Böyle dergiler de olsa ya. Bu şehirden giderseniz bu bu bu, şu şu şu var diyen.
Çünkü belli bir yerden sonra insan, tamamen kendimden bahsediyorum, time out falan değil, düpedüz sign out istiyor. Peki insan, kendisini koşullu seven bu şehri koşulsuz severken, onu nasıl terk edebilir?
İstanbul’u havasından, karasından ya da suyundan terk eder etmez, hayat spaya girmiş gibi olur. Bir tatlı filmin jeneriği akar. Aslında herkesi, en başta da kendimizi seviyor oluruz. Her şey yoluna girecek gibi, gerekli yerlere doğru yollanır. Hem artık İstanbul’da olmadığımıza göre, bunlar bizi pek ilgilendirmez. Başka bir şehrin kartpostalını kaldığımız sayfaya koyar, artık olayları okumayı bırakırız. Artık hasta olmaz, terk edilmez ve kötü tek bir söz söylemeyiz. Umudumuzu da kırıp içmez, ağzımızda uzun uzun emeriz. İşte bu kadar soyut oluruz.
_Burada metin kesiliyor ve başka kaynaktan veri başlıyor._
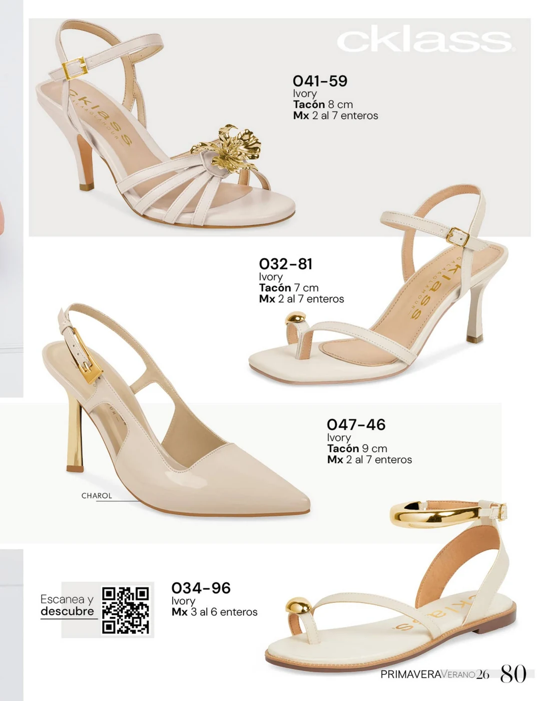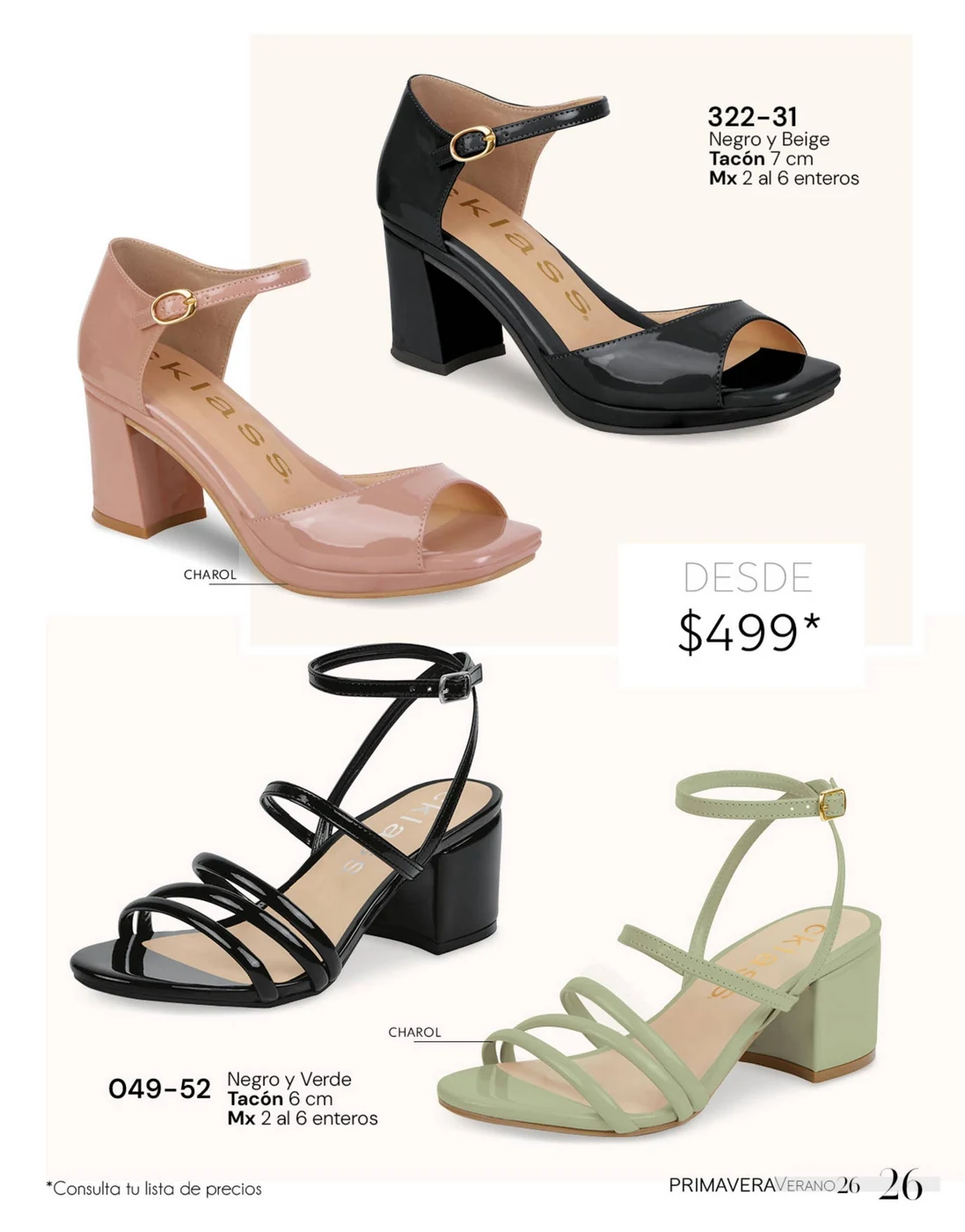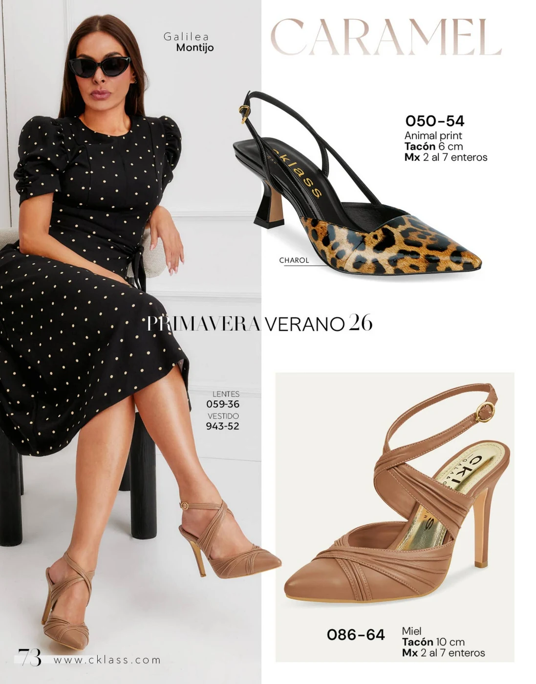 Si buscas modelos y colores clásicos, también tenemos opciones para ti. Varios modelos y alturas están en este catálogo. Además, puedes optar con tonos metalizados o mate, para que siempre puedas elegir el mejor modelo para disfrutar al máximo en todas las ocasiones especiales de esta catálogo Cklass Gala y Glamour primavera verano 2026 México.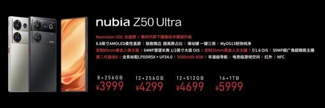 努比亚Z50 Ultra正式发布 第四代全面屏 黄金双焦段

Somut olan bize iyi gelmemiştir.
İstanbul’un insanı hipermetrop yaptığı olur. İnsan yakınını, yakın zamanını ve hatta yakınlarını göremez. Uzakta bir yere odaklanır ve gider. Halbuki İstanbul dışı hep miyop. Gelecek bir anda flu. Yanımdakiler bana yeter. Ellerimi ayaklarımı göreyim yeter.
Yürüyen kaldırımlarına binmiş akan insanlar, bir an durup nereye gittiklerini sormazlar. Çoktan kalkmış gitmiş uçaklarına, umutsuzca yolculuk ederler. Ellerinde ağır bavullar taşır ve kimseyle konuşmazlar. Bu kadar renkli bir şehirde, o kadar yönden esen rüzgar arasında, her şeyden bıkmayı becerirler. Burası İstanbul, yolu yokuş. Muş.
Bu yüzden ben, sürekli İstanbul’a geri giden ayağıma çelmeyi takıp, dışında kalmayı becermek istiyorum bazen. Belki de sırf ona geri dönen olmak için. Öyle bir aşk-nefret ilişkisininerkek kısmı olduğumdan. İstanbul’un kadın olduğundan şüphesi olan var mı?...
Bir soğuk duşa girer gibi altında durup ürpermeden önce, kendimi güneşe yatırıp biraz, kurutmak istiyorum nemlileri. Güneye gidiyorum anlayacağınız...
Elektrik süpürgesi kablosu misali içine çekene kadar beni İstanbul, i sign out.